UK’s natural capital presents clear business opportunity, report finds
Addressing the UK's deteriorating natural capital could represent a business opportunity for pro-active firms, according to a new report from the University of Cambridge.
The report – Doing Business with Nature – was produced by the University’s Institute for Sustainability Leadership (CISL) in partnership with a number of corporate leaders including Asda, Mars and Nestlé.
The report argues that by sustainably managing their interactions with the environment, UK businesses can benefit from reduced input costs, decreased supply chain risk, and enhanced brand reputation.
CISL director Polly Courtice said that while many companies have started to implement measures to reduce their impact on natural capital, more needs to be done. She said: “By developing a body of evidence in partnership with a group of companies, we aim to translate the management of natural capital into tangible commercial benefits – highlighting in real terms the financial savings, security of supply, and brand enhancement on offer.”

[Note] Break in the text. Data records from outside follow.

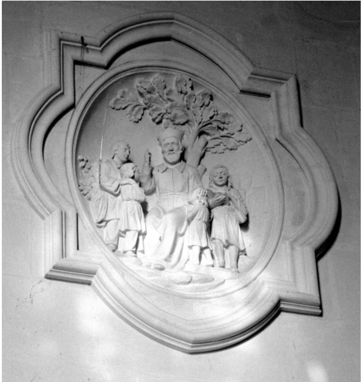
Intérieur, chœur, bas-relief gauche : vue générale
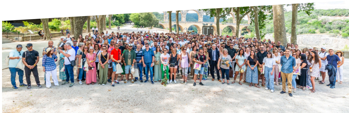
650 collaborateurs engagés au service du logement

Entrer dans sa septième décennie, pour Grand Delta Habitat, ne signifie pas tourner une page. C'est en ouvrir une nouvelle. Avec la même exigence, la même proximité et la même volonté de servir, la Coopérative continue de bâtir des lieux de vie, des parcours résidentiels et des territoires durables.
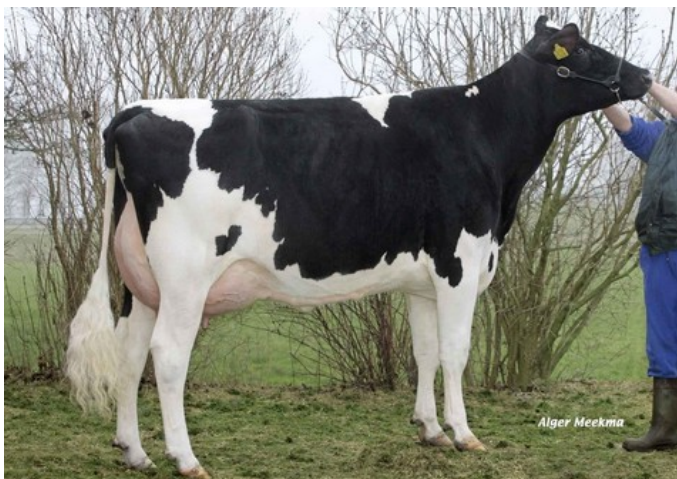
Mars Froukje 376 VG-88

This report comes on the back of a similar study released in January by the independent Natural Capital Committee, which said England’s natural environment is in decline and its deterioration is harming the economy.

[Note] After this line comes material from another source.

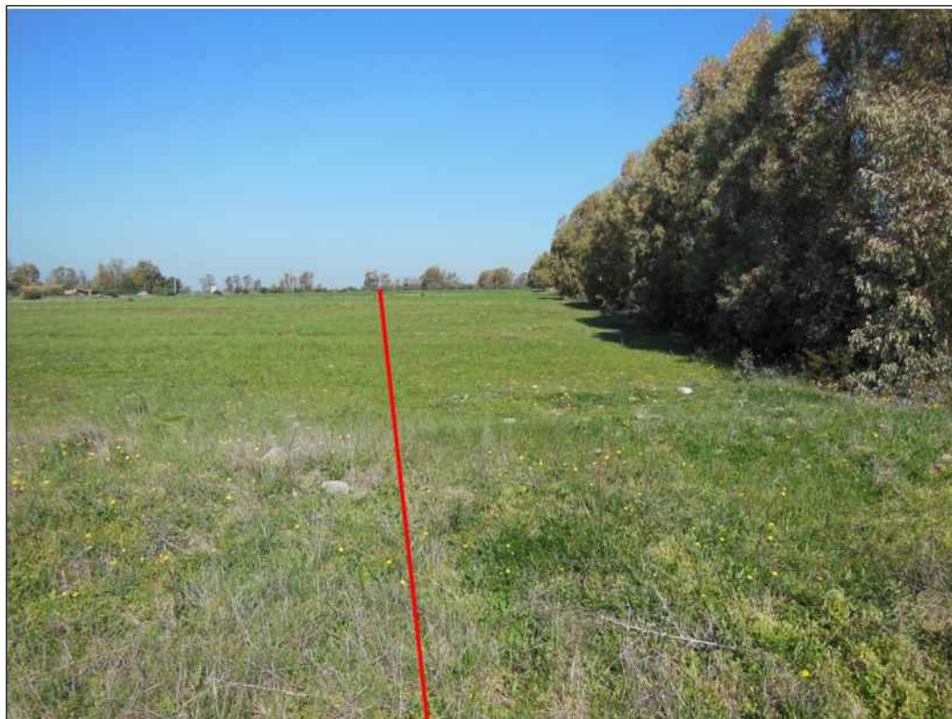
Tracciato della condotta, in Comune di Uras
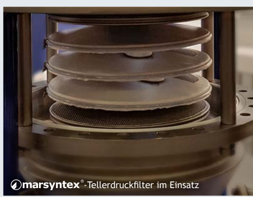
☉ marsyntex ® -Tellerdruckfilter im Einsatz

Natural capital-friendly actions can be as simple as a water reduction initiative – 85% of UK firms have no such plan – or collecting more empirical data on the links between biodiversity and certain commodities.
“We need to turn it around for the corporate world, and make good practice around biodiversity credible,” said Asda’s director of ethical sourcing Chris Brown. “Business can bring a lot to bear to help fill in data gaps that can then be interpreted into decision making.”
Last year, Asda revealed the financial impact that climate change is already having on its operations in the form of the Climate Adaptation Framework study, developed with PwC. The study found that extreme weather events such as the recent UK floods have a direct impact on 95% of fresh produce stocked in Asda stores, with food sourcing, processing and transportation all facing an growing threat from environmental issues.
Speaking at the report launch, Brown said that failing to address these issues could cost Asda more than £370m. “Only five per cent of our fresh produce supply chain is not at risk from climate change impacts,” he said. “For businesses, the events such as droughts and flooding reduce the resilience of supply chains and risk potential losses from commodity price hikes that follow sudden drops in agricultural production.”